The design of ST arrays is to allow you to construct them quickly and then make them immutable once you are done constructing it.
An immutable array must have the whole array copied after every single update, but ST arrays allow you to make many updates without copying, then when you have completed constructing the ST array, you must freeze it to an immutable array using the "runSTUArray" function. Freezing happens without copying the array, after that it is immutable and may not be made into an STArray again unless you unfreeze it using "thaw", which creates a copy of it: https://hackage.haskell.org/package/array-0.5.2.0/ docs/Data-Array-MArray.html#v:thaw
Once you have constructed your immutable array, you can access it arbitrarily using the immutable operator (!).
If you want to make multiple updates at multiple times, you must use an IOArray or IOUArray. The ST monad is designed for you to construct pure, referentially transparent, immutable values in an isolated and strictly evaluated "environment" that lets you perform strict updates during construction. Once evaluation of the "ST" monad is complete, the returned value becomes pure, immutable, and referentially transparent. The for-all'd "s" parameter of the "runST" function ensures you do not mix separate "environments," and this is the reason you got your type error. Using "runSTArray" or "runSTUArray" does not have this restriction.
I am not sure of the reason for this design decision, but I know it has something to do with the compiler guaranteeing that pure immutable referentially transparent types are constructed without effecting each other, preventing race conditions. There is discussion of this on the Haskell wiki: https://wiki.haskell.org/Monad/ST#An_explanation_ in_Haskell-Cafe
On Fri, Dec 29, 2017 at 11:36 PM, Jean-Marc Alliot
wrote: Hi,
This is my first post to this list so I apologize in advance if I don't use it properly, or if my question is too simple or inapropriate.

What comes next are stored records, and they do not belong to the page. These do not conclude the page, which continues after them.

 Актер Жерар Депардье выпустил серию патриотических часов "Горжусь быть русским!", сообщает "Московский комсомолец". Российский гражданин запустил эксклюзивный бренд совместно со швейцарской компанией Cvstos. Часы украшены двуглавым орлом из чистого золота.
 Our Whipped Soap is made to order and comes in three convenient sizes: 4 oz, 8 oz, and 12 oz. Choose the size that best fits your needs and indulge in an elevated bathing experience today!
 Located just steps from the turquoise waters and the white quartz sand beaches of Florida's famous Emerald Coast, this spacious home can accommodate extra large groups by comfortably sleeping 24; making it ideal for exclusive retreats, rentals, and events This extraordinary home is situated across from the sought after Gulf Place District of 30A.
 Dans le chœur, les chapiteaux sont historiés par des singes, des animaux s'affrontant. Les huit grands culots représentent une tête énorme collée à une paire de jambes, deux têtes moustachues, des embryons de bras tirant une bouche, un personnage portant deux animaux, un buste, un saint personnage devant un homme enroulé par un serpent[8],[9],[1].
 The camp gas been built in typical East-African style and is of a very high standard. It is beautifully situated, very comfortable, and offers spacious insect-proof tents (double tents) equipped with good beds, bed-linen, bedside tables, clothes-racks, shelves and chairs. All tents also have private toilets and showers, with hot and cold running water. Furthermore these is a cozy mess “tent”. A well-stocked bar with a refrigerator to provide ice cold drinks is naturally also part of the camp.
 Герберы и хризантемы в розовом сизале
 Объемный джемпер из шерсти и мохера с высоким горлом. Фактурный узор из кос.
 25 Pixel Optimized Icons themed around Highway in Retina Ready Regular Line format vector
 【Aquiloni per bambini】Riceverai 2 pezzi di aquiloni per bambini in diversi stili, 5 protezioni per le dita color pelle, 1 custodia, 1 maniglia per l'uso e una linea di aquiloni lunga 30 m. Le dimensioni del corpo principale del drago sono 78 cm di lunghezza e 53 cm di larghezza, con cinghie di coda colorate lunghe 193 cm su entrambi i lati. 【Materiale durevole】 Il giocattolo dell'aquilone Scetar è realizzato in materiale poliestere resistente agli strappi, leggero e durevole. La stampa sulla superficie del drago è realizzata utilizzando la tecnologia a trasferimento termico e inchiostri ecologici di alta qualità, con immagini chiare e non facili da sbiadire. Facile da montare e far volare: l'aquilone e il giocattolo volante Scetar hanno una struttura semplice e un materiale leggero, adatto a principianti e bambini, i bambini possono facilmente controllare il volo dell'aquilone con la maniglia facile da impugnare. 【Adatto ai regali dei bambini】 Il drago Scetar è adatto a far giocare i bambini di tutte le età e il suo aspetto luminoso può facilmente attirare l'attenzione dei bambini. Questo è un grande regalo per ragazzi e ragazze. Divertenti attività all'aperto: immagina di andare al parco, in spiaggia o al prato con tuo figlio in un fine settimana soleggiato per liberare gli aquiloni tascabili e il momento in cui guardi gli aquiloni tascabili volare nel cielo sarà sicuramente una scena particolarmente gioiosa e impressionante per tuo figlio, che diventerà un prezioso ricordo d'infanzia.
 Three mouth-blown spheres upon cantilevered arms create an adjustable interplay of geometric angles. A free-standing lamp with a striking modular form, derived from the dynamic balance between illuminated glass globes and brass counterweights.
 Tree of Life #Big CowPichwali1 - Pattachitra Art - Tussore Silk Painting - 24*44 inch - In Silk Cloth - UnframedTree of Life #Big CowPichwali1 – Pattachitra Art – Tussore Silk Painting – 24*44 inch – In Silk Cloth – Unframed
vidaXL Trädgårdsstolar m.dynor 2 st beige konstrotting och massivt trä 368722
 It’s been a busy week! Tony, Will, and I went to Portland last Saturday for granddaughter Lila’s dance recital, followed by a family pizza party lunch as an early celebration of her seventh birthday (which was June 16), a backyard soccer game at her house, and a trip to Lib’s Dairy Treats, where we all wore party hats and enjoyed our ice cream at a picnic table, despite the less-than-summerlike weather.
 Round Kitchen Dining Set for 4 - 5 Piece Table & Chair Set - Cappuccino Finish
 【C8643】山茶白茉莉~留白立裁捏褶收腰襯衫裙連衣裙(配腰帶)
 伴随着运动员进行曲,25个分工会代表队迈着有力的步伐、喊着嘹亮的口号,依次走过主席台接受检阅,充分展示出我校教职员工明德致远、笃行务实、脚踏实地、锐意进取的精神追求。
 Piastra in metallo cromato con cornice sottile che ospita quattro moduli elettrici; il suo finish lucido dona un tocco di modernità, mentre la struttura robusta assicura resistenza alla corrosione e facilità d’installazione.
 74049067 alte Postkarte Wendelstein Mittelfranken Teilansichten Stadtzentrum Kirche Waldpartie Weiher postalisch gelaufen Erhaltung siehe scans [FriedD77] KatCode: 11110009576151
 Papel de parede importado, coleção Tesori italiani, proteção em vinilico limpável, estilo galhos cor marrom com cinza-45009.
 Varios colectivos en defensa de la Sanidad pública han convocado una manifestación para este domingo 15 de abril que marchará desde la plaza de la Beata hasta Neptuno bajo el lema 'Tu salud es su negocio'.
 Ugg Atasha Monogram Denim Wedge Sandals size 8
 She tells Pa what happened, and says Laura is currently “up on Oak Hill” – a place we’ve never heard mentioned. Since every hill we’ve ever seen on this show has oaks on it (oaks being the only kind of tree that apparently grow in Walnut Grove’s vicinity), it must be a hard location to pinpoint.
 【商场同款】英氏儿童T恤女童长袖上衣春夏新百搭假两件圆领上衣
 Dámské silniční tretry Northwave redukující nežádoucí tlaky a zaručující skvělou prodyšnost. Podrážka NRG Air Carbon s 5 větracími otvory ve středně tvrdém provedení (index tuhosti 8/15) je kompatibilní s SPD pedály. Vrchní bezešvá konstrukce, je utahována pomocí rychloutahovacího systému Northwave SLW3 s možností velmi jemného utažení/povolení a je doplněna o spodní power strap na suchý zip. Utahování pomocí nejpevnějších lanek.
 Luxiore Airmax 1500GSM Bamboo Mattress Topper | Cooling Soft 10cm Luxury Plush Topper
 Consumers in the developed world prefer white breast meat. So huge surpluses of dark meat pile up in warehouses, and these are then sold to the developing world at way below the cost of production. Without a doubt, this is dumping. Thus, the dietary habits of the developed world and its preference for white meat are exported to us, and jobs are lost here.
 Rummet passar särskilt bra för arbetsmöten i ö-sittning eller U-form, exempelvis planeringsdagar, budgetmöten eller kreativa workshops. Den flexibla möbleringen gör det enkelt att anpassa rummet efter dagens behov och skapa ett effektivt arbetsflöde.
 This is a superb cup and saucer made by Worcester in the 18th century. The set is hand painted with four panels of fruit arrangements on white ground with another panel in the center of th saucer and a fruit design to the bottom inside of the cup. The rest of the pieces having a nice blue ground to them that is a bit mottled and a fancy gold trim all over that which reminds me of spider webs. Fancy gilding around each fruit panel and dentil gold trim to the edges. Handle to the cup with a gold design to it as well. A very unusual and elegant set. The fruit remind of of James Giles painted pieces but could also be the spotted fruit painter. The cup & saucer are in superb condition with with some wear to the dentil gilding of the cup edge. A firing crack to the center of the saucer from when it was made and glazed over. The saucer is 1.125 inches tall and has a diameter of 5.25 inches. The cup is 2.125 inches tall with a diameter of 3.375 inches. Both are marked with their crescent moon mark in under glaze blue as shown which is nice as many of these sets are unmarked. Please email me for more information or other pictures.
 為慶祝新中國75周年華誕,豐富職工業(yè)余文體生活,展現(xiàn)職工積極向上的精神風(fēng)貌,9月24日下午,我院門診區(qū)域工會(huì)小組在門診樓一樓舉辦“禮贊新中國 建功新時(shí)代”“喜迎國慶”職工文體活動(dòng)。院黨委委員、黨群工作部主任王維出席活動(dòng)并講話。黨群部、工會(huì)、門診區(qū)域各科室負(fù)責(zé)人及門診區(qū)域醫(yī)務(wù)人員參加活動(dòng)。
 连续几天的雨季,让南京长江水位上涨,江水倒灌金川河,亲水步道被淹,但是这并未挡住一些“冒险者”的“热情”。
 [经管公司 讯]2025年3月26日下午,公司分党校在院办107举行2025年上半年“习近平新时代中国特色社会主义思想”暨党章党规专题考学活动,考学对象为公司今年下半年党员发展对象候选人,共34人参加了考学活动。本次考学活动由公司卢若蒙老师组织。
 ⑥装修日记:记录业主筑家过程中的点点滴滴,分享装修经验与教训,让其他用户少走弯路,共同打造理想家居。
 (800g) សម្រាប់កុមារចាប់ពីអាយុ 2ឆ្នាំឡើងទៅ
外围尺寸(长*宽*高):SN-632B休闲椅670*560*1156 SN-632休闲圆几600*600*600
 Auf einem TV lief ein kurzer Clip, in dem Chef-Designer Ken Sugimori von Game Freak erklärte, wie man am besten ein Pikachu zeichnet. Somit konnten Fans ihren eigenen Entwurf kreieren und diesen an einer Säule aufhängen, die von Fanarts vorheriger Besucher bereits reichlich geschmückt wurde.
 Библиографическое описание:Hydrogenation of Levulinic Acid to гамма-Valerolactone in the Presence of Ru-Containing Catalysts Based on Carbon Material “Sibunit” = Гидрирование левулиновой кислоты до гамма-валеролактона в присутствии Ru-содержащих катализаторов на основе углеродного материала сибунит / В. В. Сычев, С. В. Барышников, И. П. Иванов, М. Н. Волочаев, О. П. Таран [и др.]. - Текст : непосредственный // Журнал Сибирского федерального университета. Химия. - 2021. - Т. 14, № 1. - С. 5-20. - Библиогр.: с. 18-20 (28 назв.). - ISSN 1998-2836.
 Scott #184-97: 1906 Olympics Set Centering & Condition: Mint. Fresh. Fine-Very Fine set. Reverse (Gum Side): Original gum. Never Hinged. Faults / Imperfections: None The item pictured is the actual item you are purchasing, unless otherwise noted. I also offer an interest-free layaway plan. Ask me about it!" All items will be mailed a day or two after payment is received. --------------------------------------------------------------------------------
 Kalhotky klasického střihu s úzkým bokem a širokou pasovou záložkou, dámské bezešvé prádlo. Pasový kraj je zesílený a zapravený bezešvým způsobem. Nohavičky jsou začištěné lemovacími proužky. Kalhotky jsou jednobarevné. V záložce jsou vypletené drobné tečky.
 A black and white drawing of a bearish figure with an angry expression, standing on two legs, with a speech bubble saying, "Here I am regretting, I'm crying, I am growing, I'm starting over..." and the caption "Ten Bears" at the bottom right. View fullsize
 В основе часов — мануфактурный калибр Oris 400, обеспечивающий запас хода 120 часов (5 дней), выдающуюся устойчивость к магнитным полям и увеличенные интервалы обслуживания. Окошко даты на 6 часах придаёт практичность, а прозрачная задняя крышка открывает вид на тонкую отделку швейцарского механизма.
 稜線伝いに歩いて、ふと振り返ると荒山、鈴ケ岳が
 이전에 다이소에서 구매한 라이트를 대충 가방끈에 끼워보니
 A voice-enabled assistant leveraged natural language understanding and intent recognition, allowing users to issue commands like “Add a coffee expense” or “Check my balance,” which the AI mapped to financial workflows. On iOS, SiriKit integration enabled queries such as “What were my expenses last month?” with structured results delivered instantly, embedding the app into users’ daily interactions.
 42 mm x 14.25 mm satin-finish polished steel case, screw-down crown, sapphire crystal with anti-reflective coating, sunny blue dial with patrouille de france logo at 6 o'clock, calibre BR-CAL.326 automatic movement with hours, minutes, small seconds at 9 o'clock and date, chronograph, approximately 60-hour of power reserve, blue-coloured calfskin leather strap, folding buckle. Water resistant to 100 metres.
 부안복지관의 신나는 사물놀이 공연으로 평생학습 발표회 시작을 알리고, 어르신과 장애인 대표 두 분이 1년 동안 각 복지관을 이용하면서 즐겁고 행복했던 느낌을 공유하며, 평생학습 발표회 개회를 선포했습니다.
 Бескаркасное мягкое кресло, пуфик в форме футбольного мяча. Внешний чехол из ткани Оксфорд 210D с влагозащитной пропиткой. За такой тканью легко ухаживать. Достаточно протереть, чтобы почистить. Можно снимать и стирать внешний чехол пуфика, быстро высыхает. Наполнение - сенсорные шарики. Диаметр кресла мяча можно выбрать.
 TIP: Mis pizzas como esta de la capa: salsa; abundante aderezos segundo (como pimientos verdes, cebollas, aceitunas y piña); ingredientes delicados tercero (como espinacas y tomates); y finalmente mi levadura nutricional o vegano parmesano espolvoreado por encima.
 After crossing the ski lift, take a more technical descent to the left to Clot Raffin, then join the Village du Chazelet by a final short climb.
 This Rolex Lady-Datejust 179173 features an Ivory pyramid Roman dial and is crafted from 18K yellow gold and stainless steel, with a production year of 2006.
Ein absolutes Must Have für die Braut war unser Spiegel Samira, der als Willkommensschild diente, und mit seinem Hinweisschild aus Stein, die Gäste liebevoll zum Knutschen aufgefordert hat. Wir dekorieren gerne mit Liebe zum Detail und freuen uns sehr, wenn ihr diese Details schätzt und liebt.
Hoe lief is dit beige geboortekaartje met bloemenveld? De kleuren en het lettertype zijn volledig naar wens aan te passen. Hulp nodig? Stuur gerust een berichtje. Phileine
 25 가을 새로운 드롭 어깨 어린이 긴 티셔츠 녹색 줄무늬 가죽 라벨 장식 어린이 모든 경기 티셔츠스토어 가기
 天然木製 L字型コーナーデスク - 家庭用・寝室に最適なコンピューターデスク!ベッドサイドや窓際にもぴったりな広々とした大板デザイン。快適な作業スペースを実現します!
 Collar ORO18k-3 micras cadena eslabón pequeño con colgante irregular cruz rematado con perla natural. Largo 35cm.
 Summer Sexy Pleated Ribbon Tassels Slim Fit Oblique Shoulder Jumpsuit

I come from the Caml world and I am quite new to Haskell (but not to functional programming). I am currently trying to get the hang of Haskell arrays. I have gone through regular arrays, IO Arrays and I am now working with ST Arrays.
This is the problem I am currently stuck with. I write the following code:
arr = newArray (-1, 1) 0 :: ST s (STArray s Int Int) get :: Int -> Int get i = runST (arr >>= (\b -> readArray b i))
Here everything is perfectly OK.
Now I want a more general version that could deal with any array like arr. So I write:
get2 :: ST s (STArray s Int Int) -> Int -> Int get2 tab i = runST (tab >>= (\b -> readArray b i))
And the compiler is clearly very upset by my code:
Couldn't match type ‘s’ with ‘s1’ ‘s’ is a rigid type variable bound by the type signature for: get2 :: forall s. ST s (STArray s Int Int) -> Int -> Int at testst.hs:17:9 ‘s1’ is a rigid type variable bound by a type expected by the context: forall s1. ST s1 Int at testst.hs:18:14 Expected type: ST s1 Int Actual type: ST s Int I am pretty sure that the compiler is right and I am wrong, but I don't get why... Anyone could help?